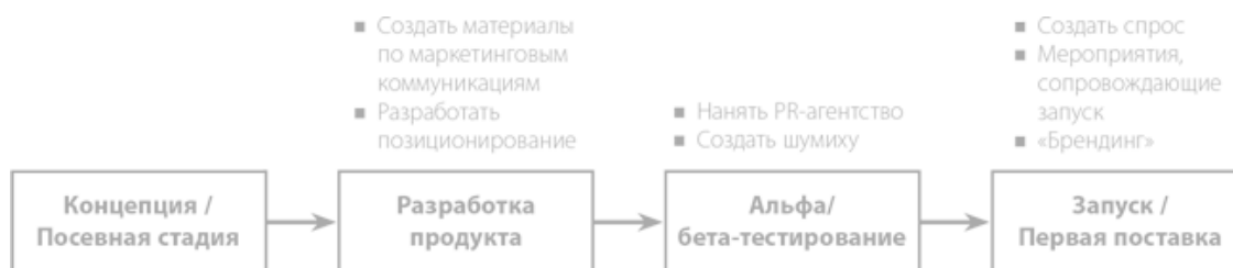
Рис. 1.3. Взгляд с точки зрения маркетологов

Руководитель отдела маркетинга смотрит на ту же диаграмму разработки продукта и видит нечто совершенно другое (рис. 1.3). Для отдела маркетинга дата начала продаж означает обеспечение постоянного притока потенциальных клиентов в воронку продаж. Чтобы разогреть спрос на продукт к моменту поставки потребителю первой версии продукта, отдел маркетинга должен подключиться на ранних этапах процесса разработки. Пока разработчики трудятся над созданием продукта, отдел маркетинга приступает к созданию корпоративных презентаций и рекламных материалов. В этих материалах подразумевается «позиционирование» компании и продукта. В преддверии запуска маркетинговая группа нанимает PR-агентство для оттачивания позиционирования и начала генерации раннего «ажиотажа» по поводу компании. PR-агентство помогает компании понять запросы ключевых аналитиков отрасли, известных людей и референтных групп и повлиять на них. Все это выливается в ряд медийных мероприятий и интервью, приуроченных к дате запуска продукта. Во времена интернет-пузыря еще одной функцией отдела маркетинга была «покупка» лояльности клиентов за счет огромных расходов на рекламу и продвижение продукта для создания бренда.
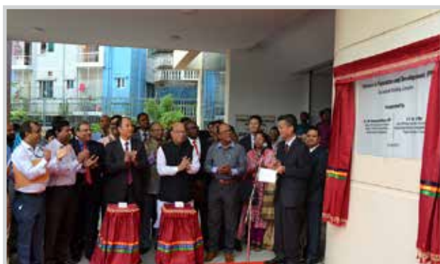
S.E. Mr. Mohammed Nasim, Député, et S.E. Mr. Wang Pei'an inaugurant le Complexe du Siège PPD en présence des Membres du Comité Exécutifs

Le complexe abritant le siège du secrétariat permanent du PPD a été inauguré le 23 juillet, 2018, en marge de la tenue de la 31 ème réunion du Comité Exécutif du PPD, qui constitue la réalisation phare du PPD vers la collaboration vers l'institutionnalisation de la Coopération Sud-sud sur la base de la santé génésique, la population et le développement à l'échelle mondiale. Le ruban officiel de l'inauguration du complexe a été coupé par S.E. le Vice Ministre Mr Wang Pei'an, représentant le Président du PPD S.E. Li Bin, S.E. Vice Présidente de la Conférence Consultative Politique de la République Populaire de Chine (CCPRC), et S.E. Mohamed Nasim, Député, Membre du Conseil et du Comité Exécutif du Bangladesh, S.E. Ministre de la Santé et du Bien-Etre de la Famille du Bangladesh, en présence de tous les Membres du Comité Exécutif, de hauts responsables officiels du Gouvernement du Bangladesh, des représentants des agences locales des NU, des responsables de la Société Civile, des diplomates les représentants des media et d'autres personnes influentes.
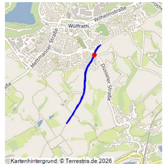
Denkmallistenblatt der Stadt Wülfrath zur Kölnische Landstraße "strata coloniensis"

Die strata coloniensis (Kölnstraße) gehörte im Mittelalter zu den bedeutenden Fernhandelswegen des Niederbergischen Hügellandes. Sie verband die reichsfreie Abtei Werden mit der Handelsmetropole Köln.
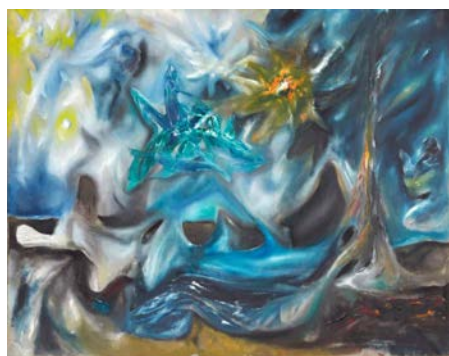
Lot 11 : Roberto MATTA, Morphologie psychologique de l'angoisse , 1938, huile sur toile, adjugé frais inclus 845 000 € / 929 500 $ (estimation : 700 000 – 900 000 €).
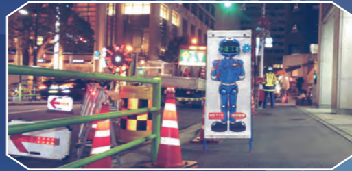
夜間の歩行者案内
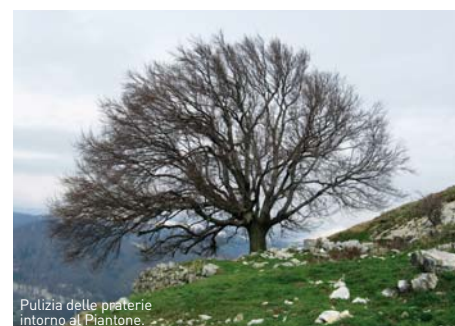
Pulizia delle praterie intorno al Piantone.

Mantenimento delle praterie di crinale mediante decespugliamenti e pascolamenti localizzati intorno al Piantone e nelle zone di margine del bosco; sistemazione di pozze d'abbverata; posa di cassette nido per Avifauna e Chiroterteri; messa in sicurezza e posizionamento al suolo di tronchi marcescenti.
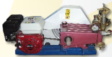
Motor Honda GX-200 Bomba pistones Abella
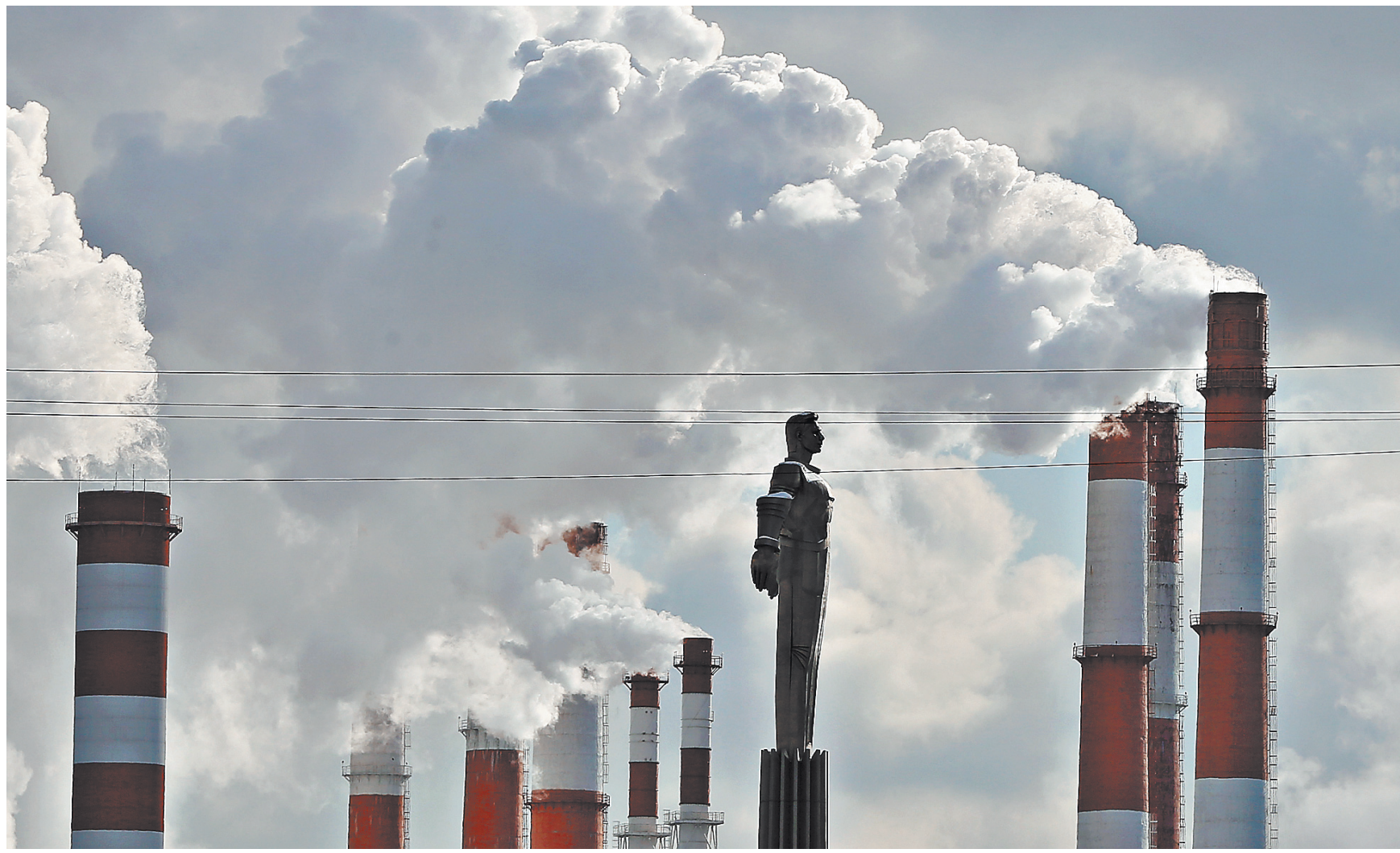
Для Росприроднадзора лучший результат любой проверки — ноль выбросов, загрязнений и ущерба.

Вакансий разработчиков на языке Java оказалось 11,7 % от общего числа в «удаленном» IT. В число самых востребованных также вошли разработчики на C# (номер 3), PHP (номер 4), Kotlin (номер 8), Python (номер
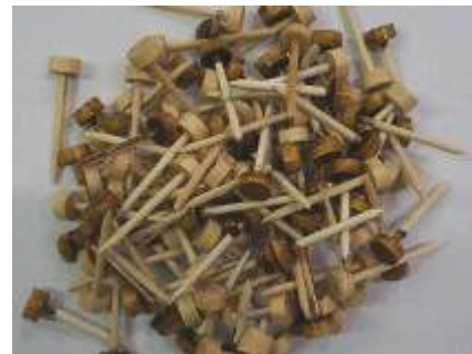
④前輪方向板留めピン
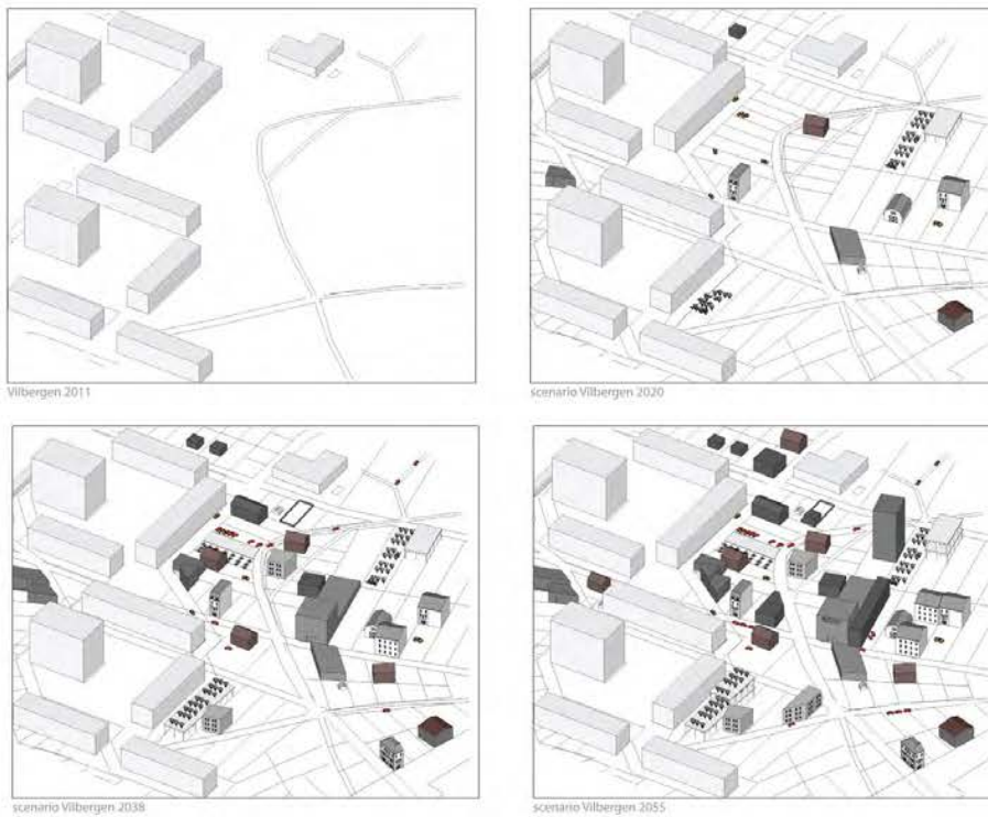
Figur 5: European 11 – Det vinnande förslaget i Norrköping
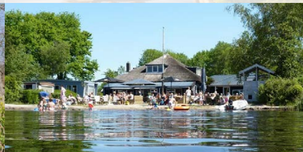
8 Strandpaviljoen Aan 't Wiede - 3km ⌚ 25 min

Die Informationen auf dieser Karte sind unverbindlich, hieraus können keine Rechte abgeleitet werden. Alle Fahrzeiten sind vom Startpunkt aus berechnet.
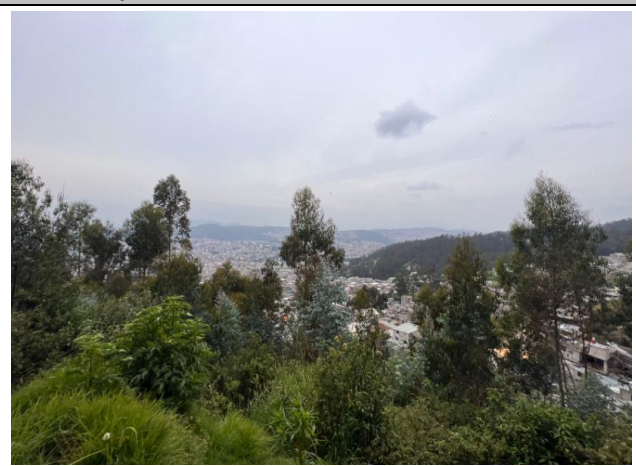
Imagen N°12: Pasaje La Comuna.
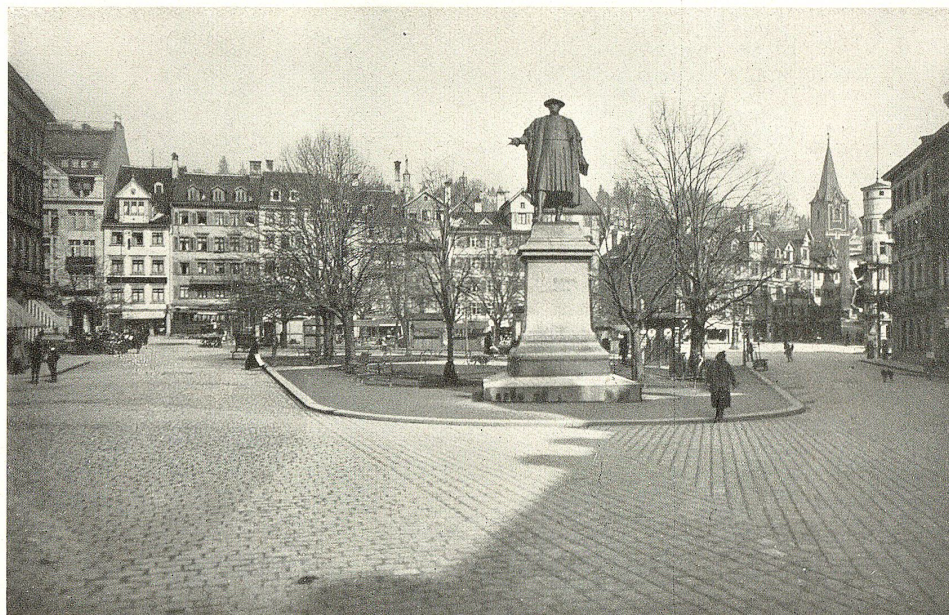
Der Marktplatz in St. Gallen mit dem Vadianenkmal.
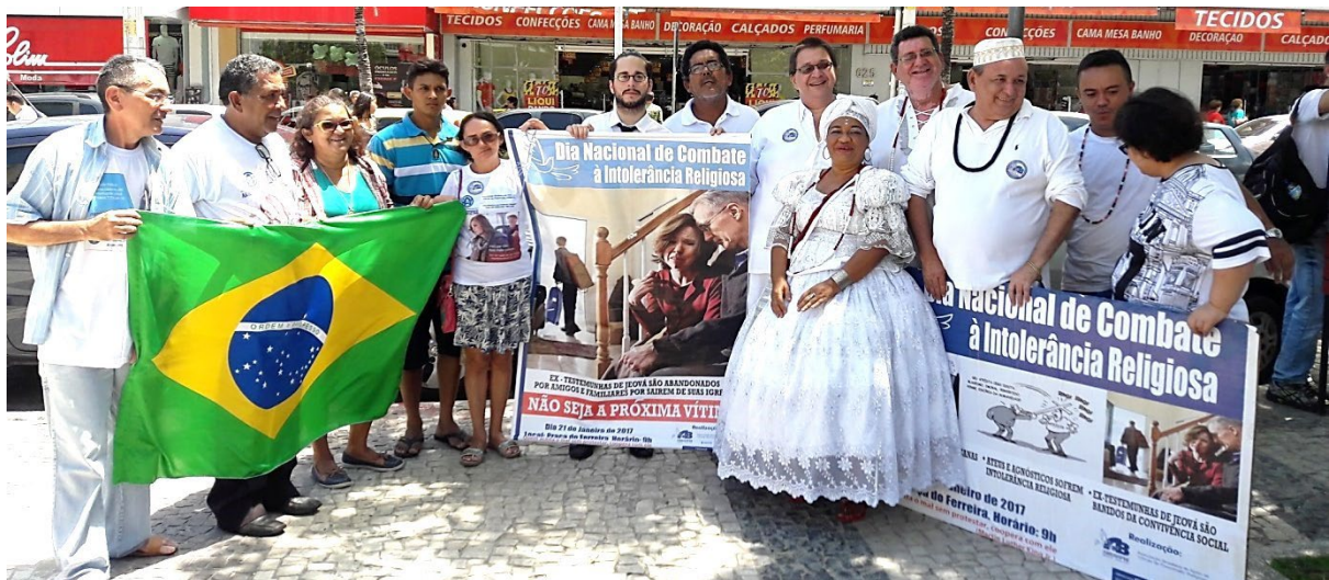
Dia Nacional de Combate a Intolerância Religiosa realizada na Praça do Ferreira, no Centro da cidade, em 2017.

========

* WHAT NEEDS TO BE DONE: Nothing but the lines above from the line with "8 Strandpaviljoen Aan 't Wiede - 3km ⌚ 25 min" up to and including the line with "Der Marktplatz in" should be returned, exactly as written and without pictures.

* RESULT OF THIS TASK:
8 Strandpaviljoen Aan 't Wiede - 3km ⌚ 25 min

Die Informationen auf dieser Karte sind unverbindlich, hieraus können keine Rechte abgeleitet werden. Alle Fahrzeiten sind vom Startpunkt aus berechnet.
Imagen N°12: Pasaje La Comuna.
Der Marktplatz in St. Gallen mit dem Vadianenkmal.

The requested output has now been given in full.